_Directions for this task:_
Repeat every entry word for word, skipping the pictures.

_Dataset records:_

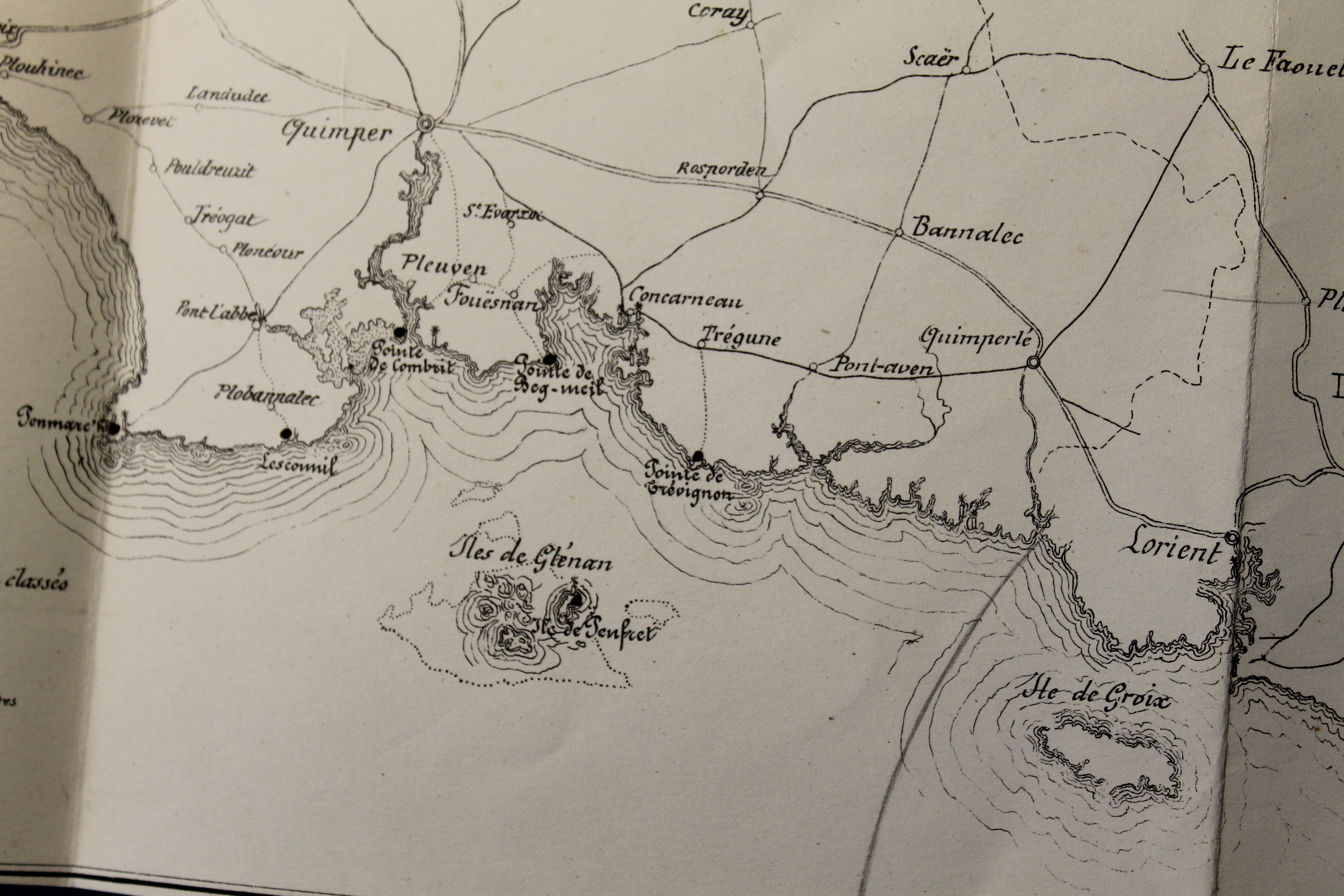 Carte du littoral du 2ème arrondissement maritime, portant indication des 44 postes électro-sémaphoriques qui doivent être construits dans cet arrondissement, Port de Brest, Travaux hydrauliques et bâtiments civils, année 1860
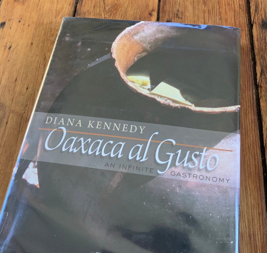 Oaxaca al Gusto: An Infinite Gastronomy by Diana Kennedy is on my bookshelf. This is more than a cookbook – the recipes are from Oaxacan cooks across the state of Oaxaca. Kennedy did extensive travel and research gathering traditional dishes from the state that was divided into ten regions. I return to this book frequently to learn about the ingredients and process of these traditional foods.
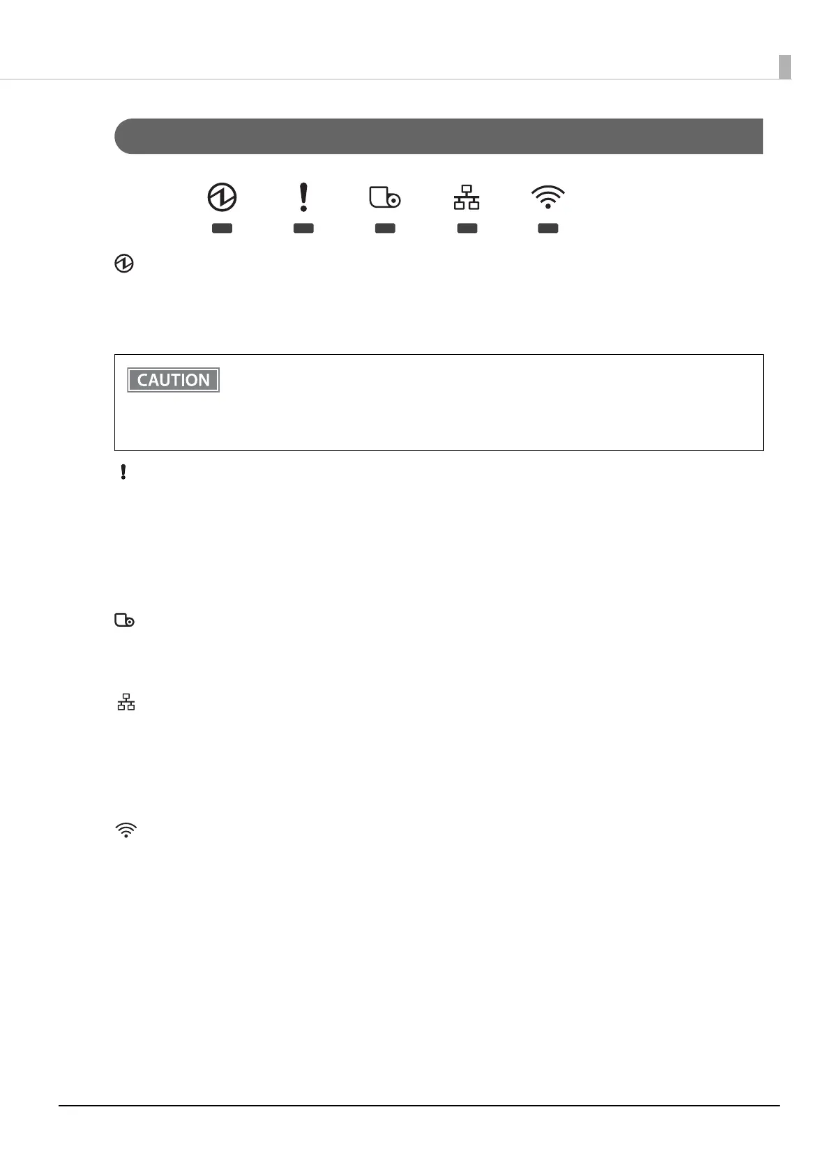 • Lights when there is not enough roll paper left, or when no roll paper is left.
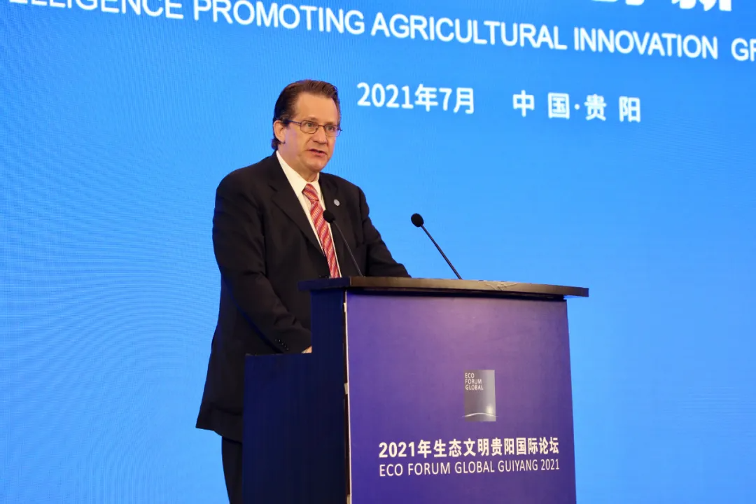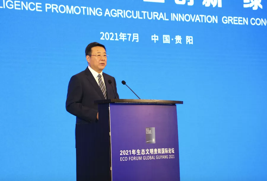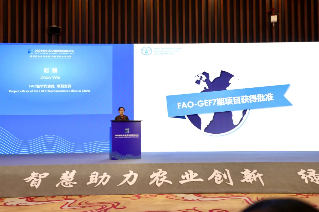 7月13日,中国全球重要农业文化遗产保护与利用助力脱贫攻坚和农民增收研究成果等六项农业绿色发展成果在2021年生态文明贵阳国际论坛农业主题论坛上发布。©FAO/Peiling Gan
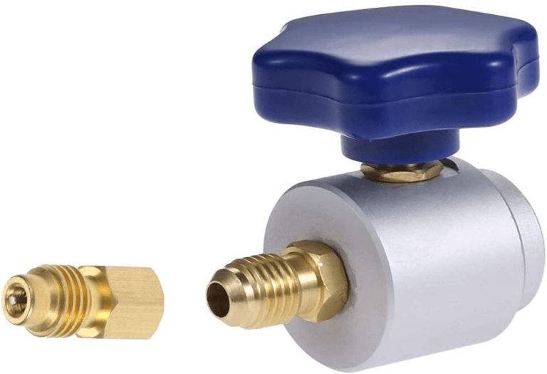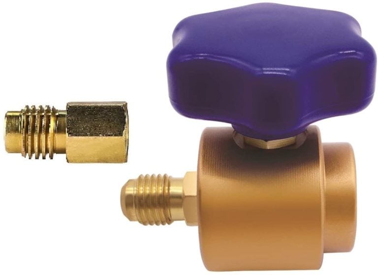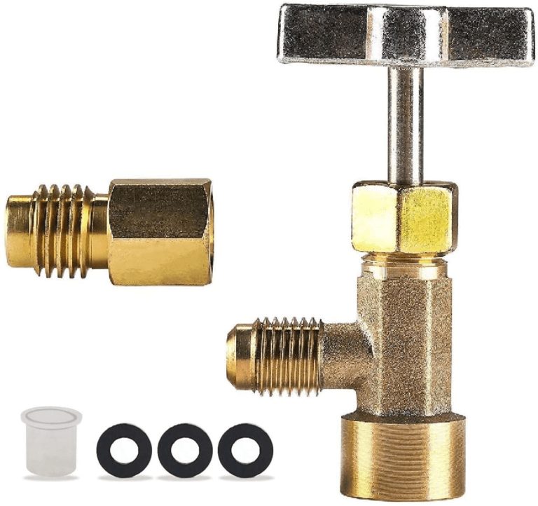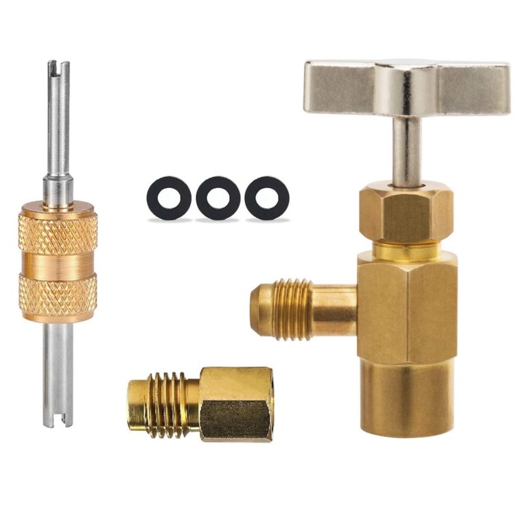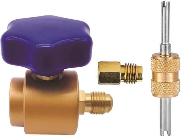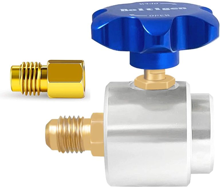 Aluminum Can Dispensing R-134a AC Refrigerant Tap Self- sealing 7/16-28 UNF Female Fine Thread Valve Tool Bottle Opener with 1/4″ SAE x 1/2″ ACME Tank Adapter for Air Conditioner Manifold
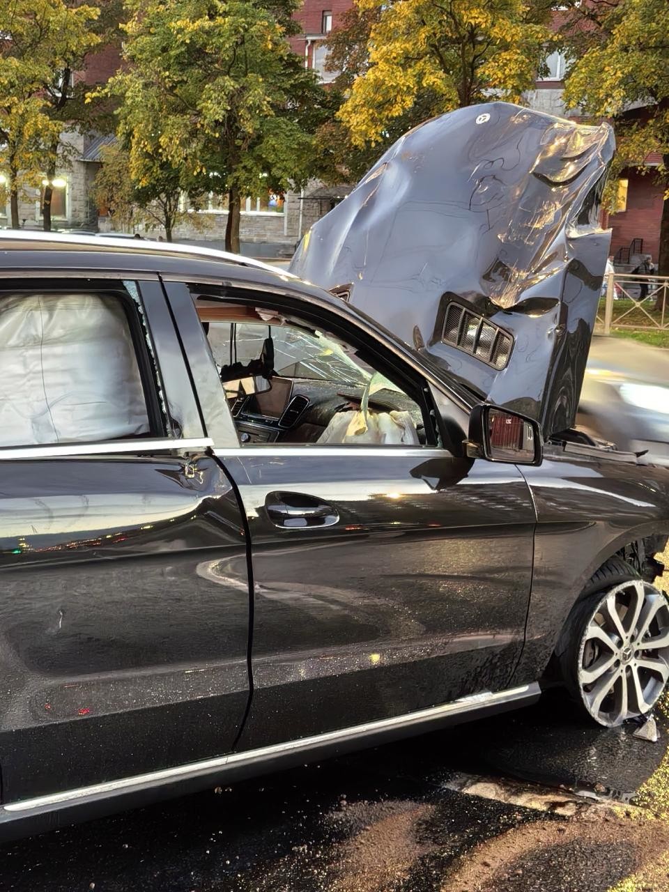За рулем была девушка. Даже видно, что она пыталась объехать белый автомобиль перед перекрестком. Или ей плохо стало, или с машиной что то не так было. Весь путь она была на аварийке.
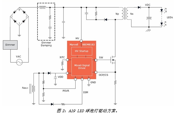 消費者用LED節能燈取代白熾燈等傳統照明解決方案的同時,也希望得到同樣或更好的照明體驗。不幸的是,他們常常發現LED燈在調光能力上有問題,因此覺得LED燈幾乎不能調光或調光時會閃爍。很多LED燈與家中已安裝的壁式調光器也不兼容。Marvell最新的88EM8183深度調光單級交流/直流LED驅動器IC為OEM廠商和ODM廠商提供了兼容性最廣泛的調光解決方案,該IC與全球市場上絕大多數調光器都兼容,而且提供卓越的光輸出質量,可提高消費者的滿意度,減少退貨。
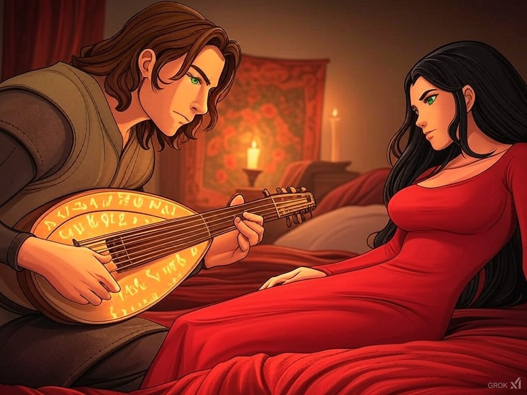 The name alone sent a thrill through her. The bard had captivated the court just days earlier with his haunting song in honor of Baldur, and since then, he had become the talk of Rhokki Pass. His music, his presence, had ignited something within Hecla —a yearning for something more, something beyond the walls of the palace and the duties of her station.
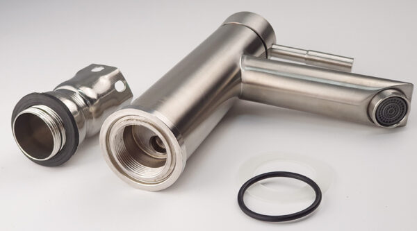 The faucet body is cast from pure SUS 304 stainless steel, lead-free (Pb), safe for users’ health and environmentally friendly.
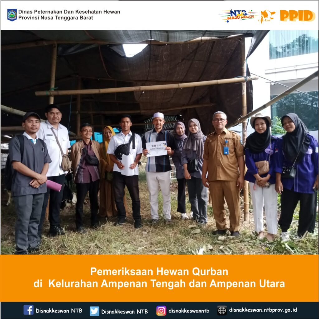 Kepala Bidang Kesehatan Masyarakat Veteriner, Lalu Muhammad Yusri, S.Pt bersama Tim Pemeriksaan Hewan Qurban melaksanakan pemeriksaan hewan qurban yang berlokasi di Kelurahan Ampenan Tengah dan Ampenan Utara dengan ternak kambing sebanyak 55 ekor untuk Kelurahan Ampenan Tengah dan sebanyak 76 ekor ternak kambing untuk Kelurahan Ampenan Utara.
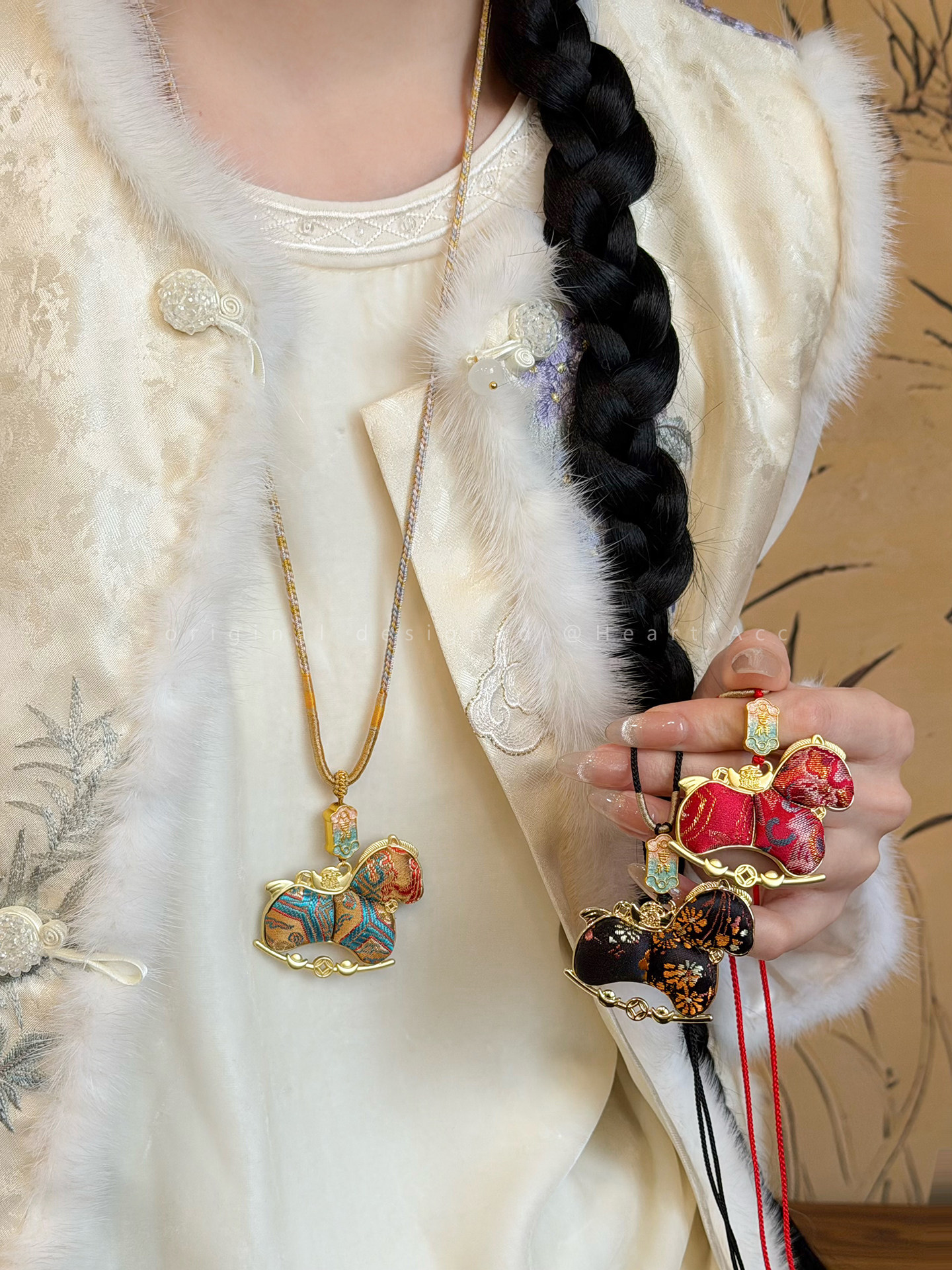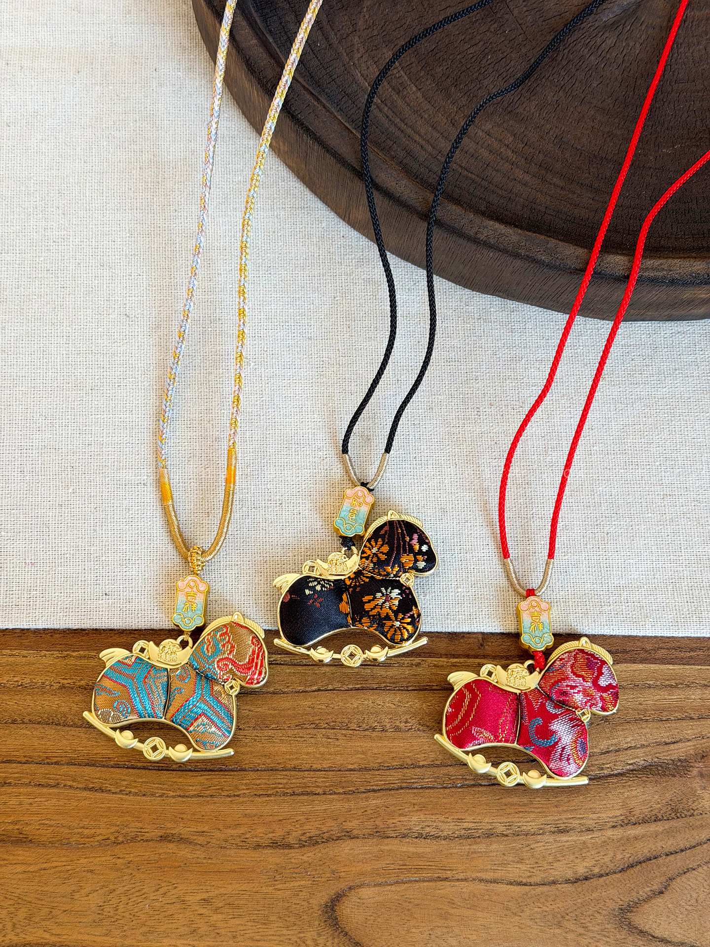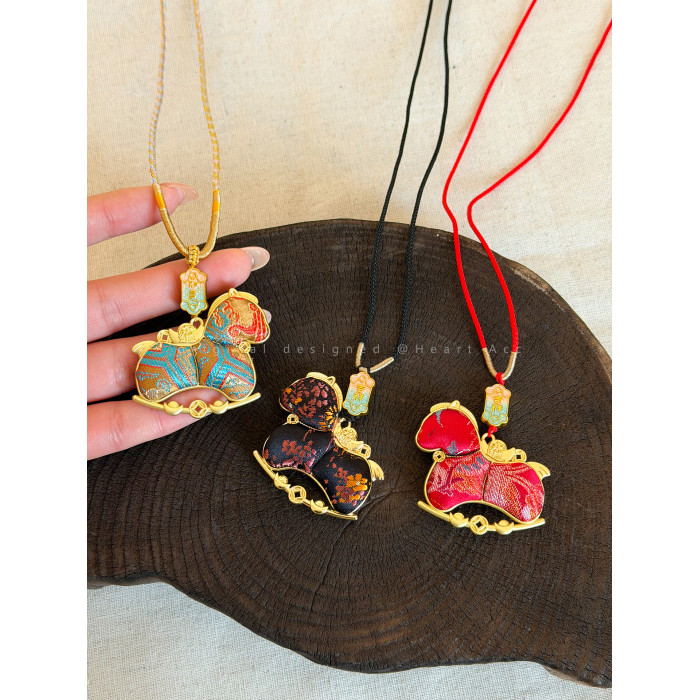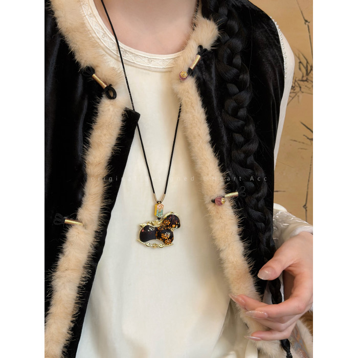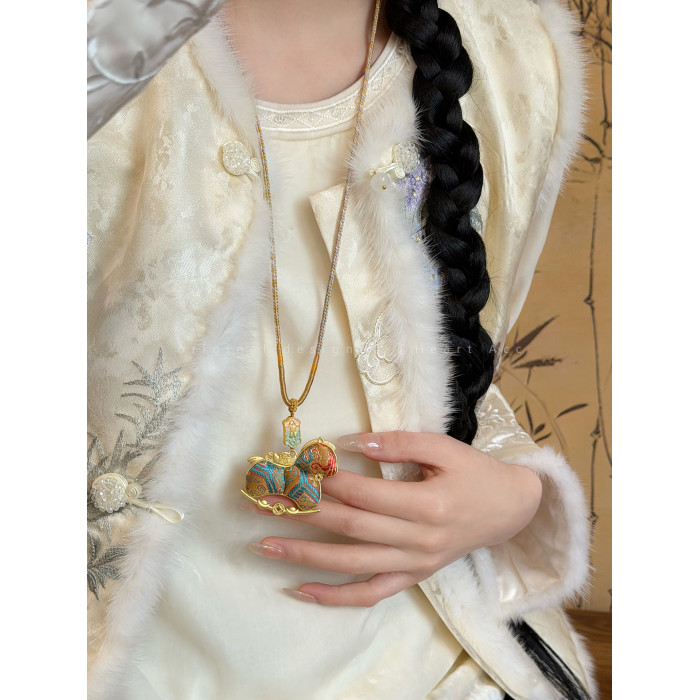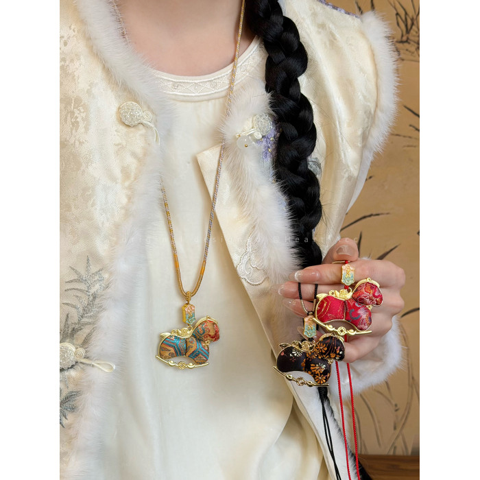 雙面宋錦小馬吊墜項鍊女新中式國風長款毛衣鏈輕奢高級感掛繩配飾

_Solution to the exercise:_
 Carte du littoral du 2ème arrondissement maritime, portant indication des 44 postes électro-sémaphoriques qui doivent être construits dans cet arrondissement, Port de Brest, Travaux hydrauliques et bâtiments civils, année 1860
 Oaxaca al Gusto: An Infinite Gastronomy by Diana Kennedy is on my bookshelf. This is more than a cookbook – the recipes are from Oaxacan cooks across the state of Oaxaca. Kennedy did extensive travel and research gathering traditional dishes from the state that was divided into ten regions. I return to this book frequently to learn about the ingredients and process of these traditional foods.
 • Lights when there is not enough roll paper left, or when no roll paper is left.
 7月13日,中国全球重要农业文化遗产保护与利用助力脱贫攻坚和农民增收研究成果等六项农业绿色发展成果在2021年生态文明贵阳国际论坛农业主题论坛上发布。©FAO/Peiling Gan
 Aluminum Can Dispensing R-134a AC Refrigerant Tap Self- sealing 7/16-28 UNF Female Fine Thread Valve Tool Bottle Opener with 1/4″ SAE x 1/2″ ACME Tank Adapter for Air Conditioner Manifold
За рулем была девушка. Даже видно, что она пыталась объехать белый автомобиль перед перекрестком. Или ей плохо стало, или с машиной что то не так было. Весь путь она была на аварийке.
 消費者用LED節能燈取代白熾燈等傳統照明解決方案的同時,也希望得到同樣或更好的照明體驗。不幸的是,他們常常發現LED燈在調光能力上有問題,因此覺得LED燈幾乎不能調光或調光時會閃爍。很多LED燈與家中已安裝的壁式調光器也不兼容。Marvell最新的88EM8183深度調光單級交流/直流LED驅動器IC為OEM廠商和ODM廠商提供了兼容性最廣泛的調光解決方案,該IC與全球市場上絕大多數調光器都兼容,而且提供卓越的光輸出質量,可提高消費者的滿意度,減少退貨。
 The name alone sent a thrill through her. The bard had captivated the court just days earlier with his haunting song in honor of Baldur, and since then, he had become the talk of Rhokki Pass. His music, his presence, had ignited something within Hecla —a yearning for something more, something beyond the walls of the palace and the duties of her station.
 The faucet body is cast from pure SUS 304 stainless steel, lead-free (Pb), safe for users’ health and environmentally friendly.
 Kepala Bidang Kesehatan Masyarakat Veteriner, Lalu Muhammad Yusri, S.Pt bersama Tim Pemeriksaan Hewan Qurban melaksanakan pemeriksaan hewan qurban yang berlokasi di Kelurahan Ampenan Tengah dan Ampenan Utara dengan ternak kambing sebanyak 55 ekor untuk Kelurahan Ampenan Tengah dan sebanyak 76 ekor ternak kambing untuk Kelurahan Ampenan Utara.
 雙面宋錦小馬吊墜項鍊女新中式國風長款毛衣鏈輕奢高級感掛繩配飾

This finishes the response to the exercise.